Summer ball has started again, which is nothing new to Roger Parham, South Gwinnett's baseball coach. Parham has been going through the same summer routine since 1994, first as an assistant and now as the head coach.
But what has changed is that Parham's right-hand man is no longer there. For the first time in more than a decade, Parham is coaching the Comets without Todd Benton, who for 11 years was a loyal assistant but more importantly is one of Parham's best friends.
A former South standout like Parham, Benton has lived and breathed Comets baseball most of his life. Which made the 33-year-old's decision to get out of coaching all the more grueling.
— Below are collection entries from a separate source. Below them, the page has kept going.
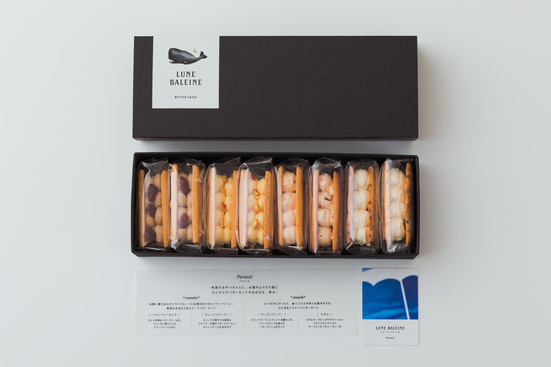 『LUNE BALEINE』は、“お酒を愉しむ“というコンセプトから生まれたバターサンドです。 “お酒を愉しむ“ゆるりとした時間を通して感じる、心も体もほぐれた“ほろ酔い“の感覚は、まるで水中で浮遊しているようなリラックス感があります。手のひらサイズのバターサンドに、神秘的で安らぎを感じられる、おおらかな鯨のイメージを重ね合わせることで「より豊かで特別な時間になりますように」という想いを込めています。
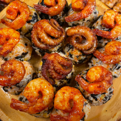 대창이랑 쭈꾸미랑 깻잎에 한번, 주먹밥이랑 한번! 먹으면 너무너무 맛있고, 조금 매우면 계란찜 먹어주면 됩니다.
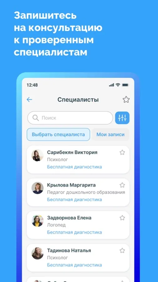 — Диагностику развития ребенка от 2 месяцев до 7 лет
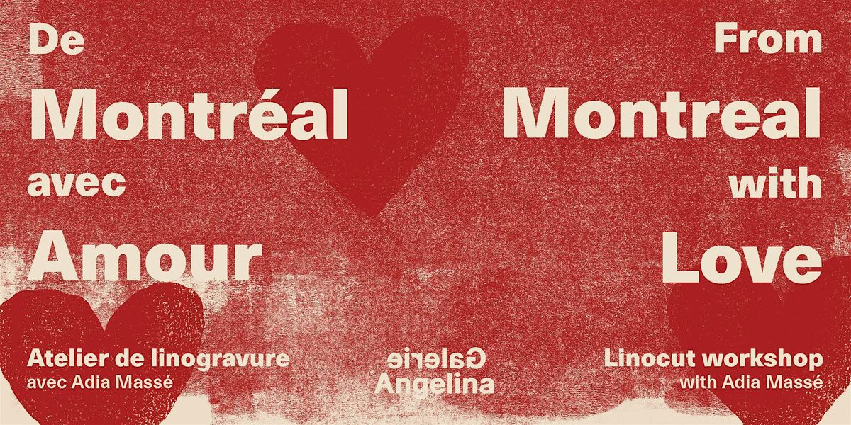 Join us for a linocut workshop with Adia Massé on February 14. Create your own design from scratch. Make it romantic, platonic or even ironic. Carve it, ink it and print your piece by hand. Come on your own or with a friend.

Benton, a 1990 South grad, decided to step down from coaching so he could spend more time with his wife, Jennifer, with the goal of starting a family. He is continuing as a teacher at the school, teaching economics and government, but he'll no longer be in the dugout with Parham, the coaching staff and all the kids.
It was a difficult decision, but one Benton felt he had to make. One that disproved the notion that there's no crying in baseball.
"I'll tell you the truth," Benton said. "I haven't cried in five or six years but I've had three or four good ones (over this decision). It's easy to tell adults, but it's really tough to tell the kids.
"It's hard when it's been part of your life since you were little. I've been part of the South Gwinnett Association since 1978. It's going to be tough (not being in the dugout). It's easy now, but it's not February yet."
It's going to be tough for Parham, too. There are plenty of good baseball guys out there, but it's hard to replicate a relationship that began when both he and Benton coached under South legend John Sawyer and continued when Parham was promoted to head coach.
Benton knows Parham so well that to call him an assistant didn't do him justice.
"Probably the biggest (change) is I've never been out here without him," Parham said. "It's just going to be different. He could almost tell me what I was thinking before I said it.
"I'll miss him dearly. That friendship is going to be missed."
But Parham will have a team to coach, new assistants to bond with. For the first time since before he started in the youth leagues, Benton will not.
And that will take some getting used to, just like sitting in the stands. Which he plans to do.
"It's a part of my life," Benton said of South baseball. "And it always will be."